The Moriori are the native Polynesian people of the Chatham Islands (Rēkohu in Moriori;  in Māori), New Zealand. Moriori originated from Māori settlers from the New Zealand mainland around 1500 CE. This was near the time of the shift from the archaic to classic Māori culture on the main islands of New Zealand. Oral tradition records multiple waves of migration to the Chatham Islands, starting in the 16th century. Over several centuries these settlers' culture diverged from mainland Māori, developing a distinctive language (which started as a dialect but gradually became only partially mutually intelligible with Māori), mythology, artistic expression and way of life. Currently there are around 700 people who identify as Moriori, most of whom no longer live on the Chatham Islands.  During the late 19th century some prominent anthropologists mistakenly proposed that Moriori were pre-Māori settlers of mainland New Zealand, and possibly Melanesian in origin.

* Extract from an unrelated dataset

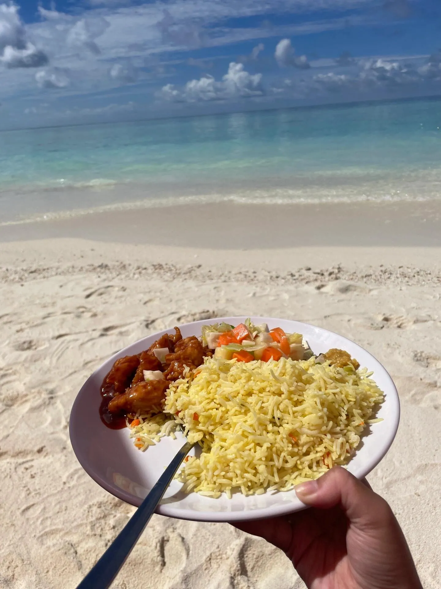 无人沙洲 sandbank 吃午饭,真的蛮热,不过沙滩肯定比马富士的好看,应该和度假岛的差不多(我们先去了甘格西,所以来到这里没什么感觉)。如果后面有订度假岛的姐妹,这个点就不要出去晒了。K家的饭还是挺好的,能吃,还有橙子和果汁。

Early Moriori formed tribal groups based on eastern Polynesian social customs and organisation. Later, a prominent pacifist culture emerged; this was known as the law of nunuku, based on the teachings of the 16th century Moriori leader Nunuku-whenua. This culture made it easier for Taranaki Māori invaders to nearly exterminate them in the 1830s during the Musket Wars. This was the Moriori genocide, in which the Moriori were either murdered or enslaved by members of the Ngāti Mutunga and Ngāti Tama iwi, killing or displacing nearly 95% of the Moriori population.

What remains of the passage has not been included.